## EXERCISE:
Your answer must be the exact lines below, starting with the line with "TearAway label for" and going on through the line with "[옷자락] 여자 겨울팬츠 빅포켓 와이드핏 코듀로이 5부 반바지", both included, with no pictures.

## DATASET CONTENT:
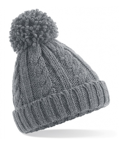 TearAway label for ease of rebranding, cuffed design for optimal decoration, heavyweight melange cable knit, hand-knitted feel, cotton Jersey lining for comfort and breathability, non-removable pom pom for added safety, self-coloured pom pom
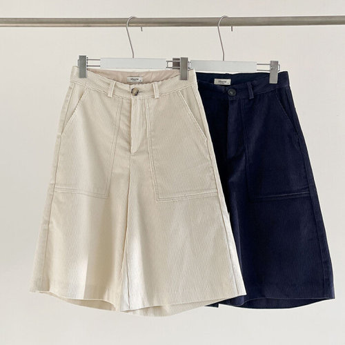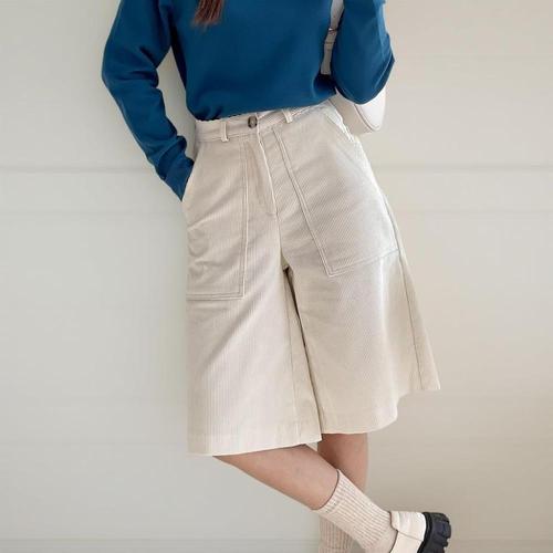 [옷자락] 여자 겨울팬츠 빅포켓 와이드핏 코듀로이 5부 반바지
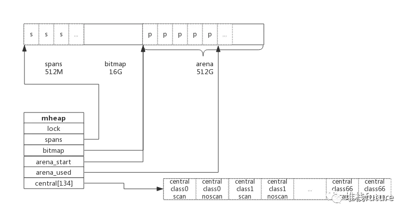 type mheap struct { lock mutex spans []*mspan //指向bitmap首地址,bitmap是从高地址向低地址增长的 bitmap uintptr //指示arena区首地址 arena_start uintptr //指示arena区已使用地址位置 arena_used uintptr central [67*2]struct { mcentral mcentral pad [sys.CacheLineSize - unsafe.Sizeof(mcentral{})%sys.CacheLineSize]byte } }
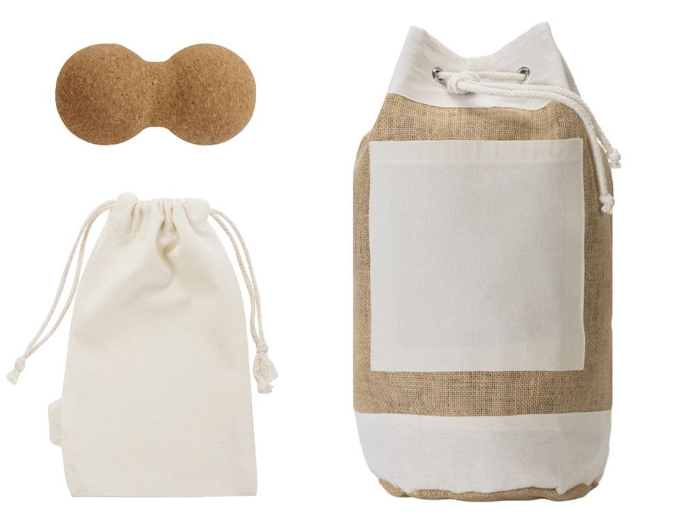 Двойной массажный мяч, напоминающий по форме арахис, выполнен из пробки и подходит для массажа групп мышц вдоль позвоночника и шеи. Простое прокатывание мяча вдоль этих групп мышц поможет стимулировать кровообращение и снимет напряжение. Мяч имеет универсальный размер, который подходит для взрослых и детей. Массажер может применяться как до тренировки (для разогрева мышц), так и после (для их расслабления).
...
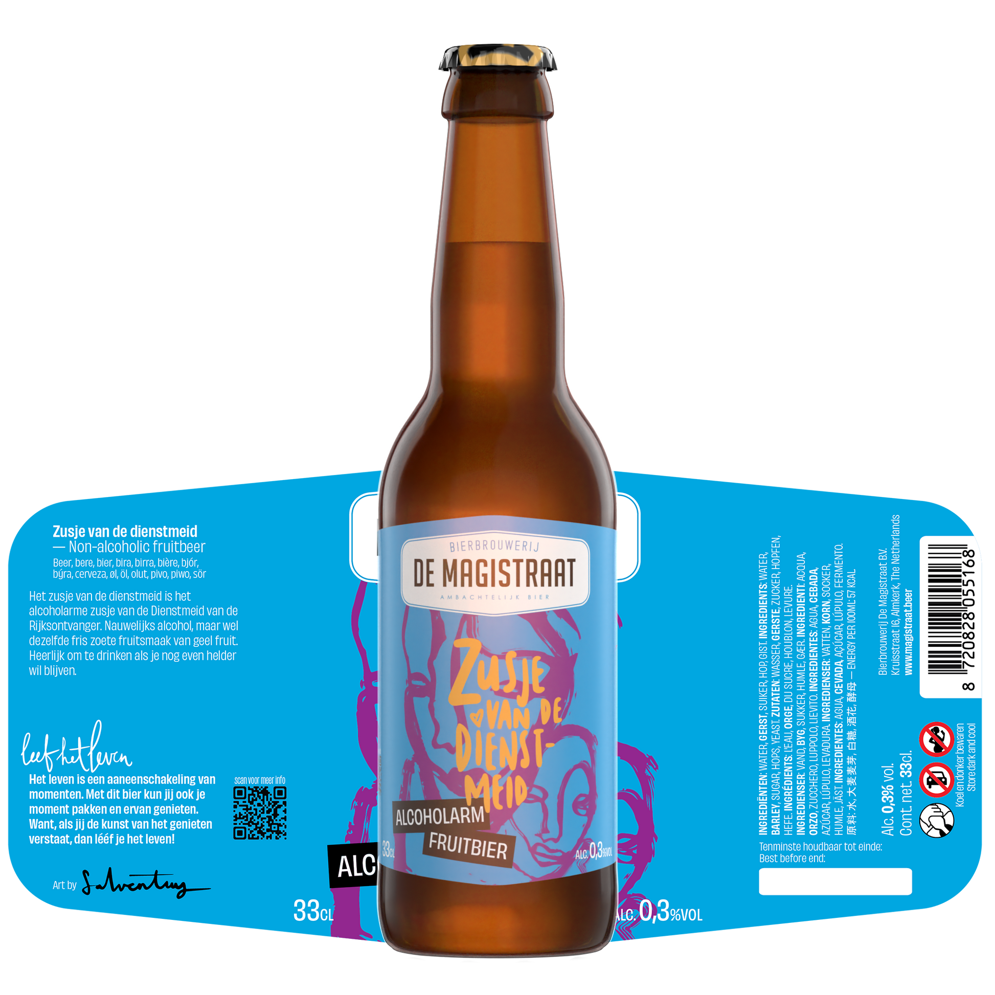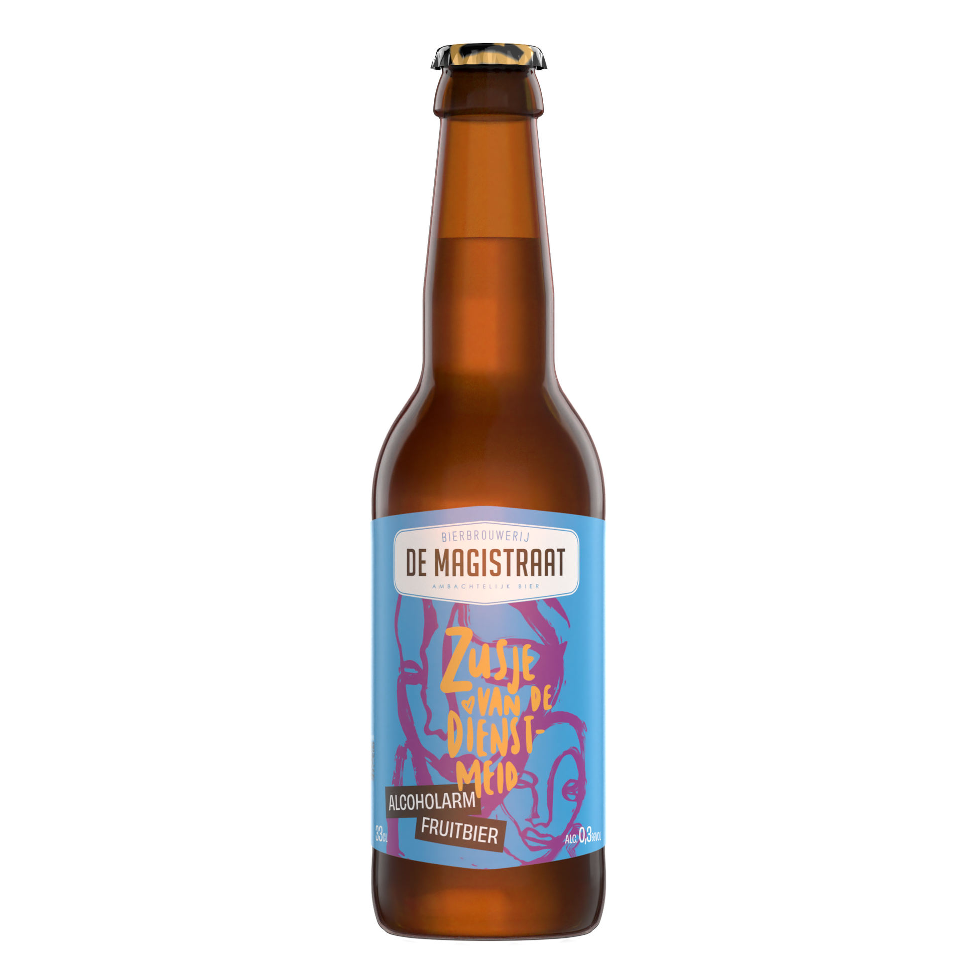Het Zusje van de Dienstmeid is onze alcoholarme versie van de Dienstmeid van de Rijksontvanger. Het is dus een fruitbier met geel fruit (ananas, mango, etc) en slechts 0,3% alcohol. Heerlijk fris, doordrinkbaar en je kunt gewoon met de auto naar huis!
---
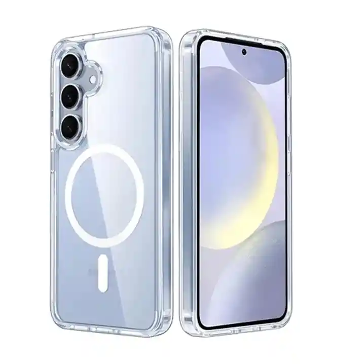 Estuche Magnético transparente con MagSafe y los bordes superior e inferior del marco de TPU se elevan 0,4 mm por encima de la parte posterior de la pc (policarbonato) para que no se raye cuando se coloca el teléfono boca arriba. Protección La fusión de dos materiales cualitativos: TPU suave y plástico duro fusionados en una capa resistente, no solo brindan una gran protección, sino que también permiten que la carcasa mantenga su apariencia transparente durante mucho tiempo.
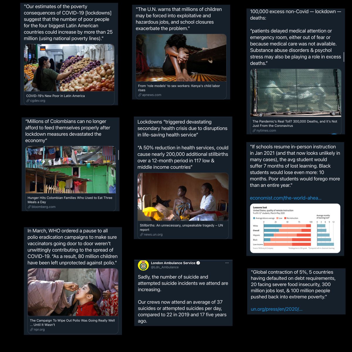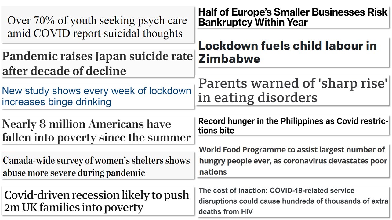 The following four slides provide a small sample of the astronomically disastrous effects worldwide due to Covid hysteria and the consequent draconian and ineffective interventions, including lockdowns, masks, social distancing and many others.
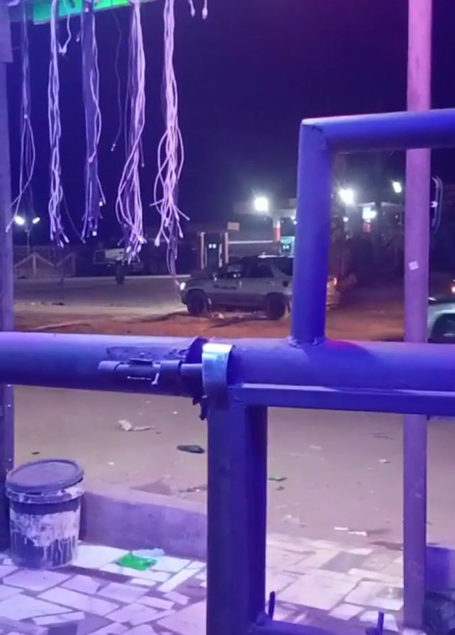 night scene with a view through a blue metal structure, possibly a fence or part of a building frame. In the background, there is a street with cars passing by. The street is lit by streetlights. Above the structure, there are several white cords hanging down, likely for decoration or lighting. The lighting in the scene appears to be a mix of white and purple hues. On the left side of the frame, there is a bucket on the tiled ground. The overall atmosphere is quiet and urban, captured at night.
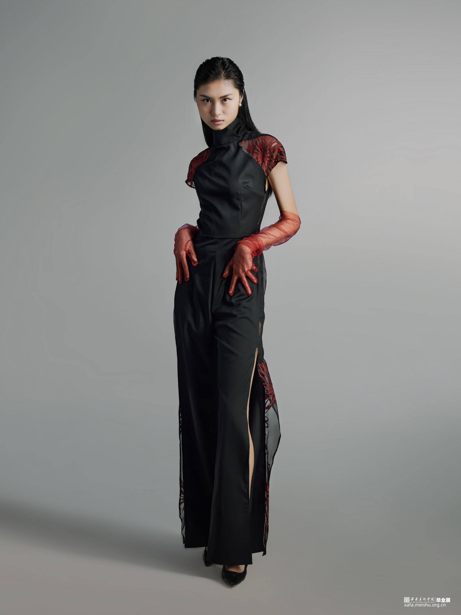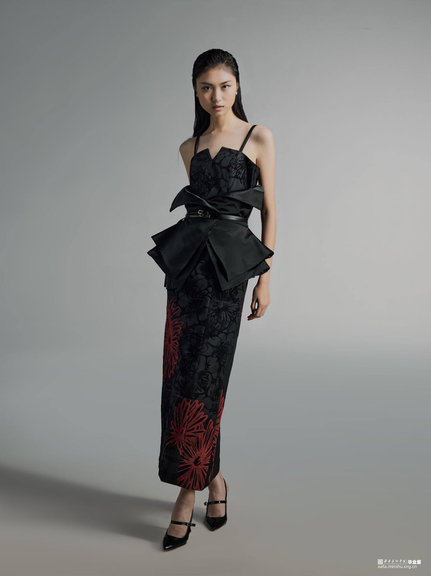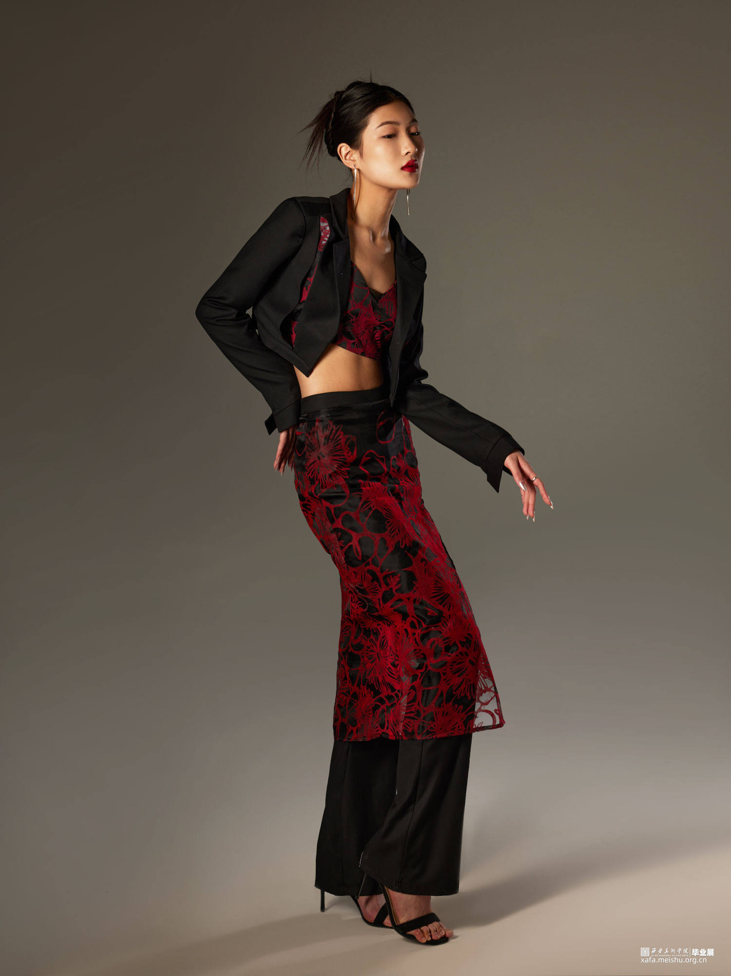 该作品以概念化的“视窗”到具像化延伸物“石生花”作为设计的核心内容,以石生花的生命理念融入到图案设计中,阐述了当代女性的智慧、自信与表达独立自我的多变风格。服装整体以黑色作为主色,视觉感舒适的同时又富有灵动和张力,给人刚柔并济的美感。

## RESPONSE FOR THIS EXERCISE:
 TearAway label for ease of rebranding, cuffed design for optimal decoration, heavyweight melange cable knit, hand-knitted feel, cotton Jersey lining for comfort and breathability, non-removable pom pom for added safety, self-coloured pom pom
 [옷자락] 여자 겨울팬츠 빅포켓 와이드핏 코듀로이 5부 반바지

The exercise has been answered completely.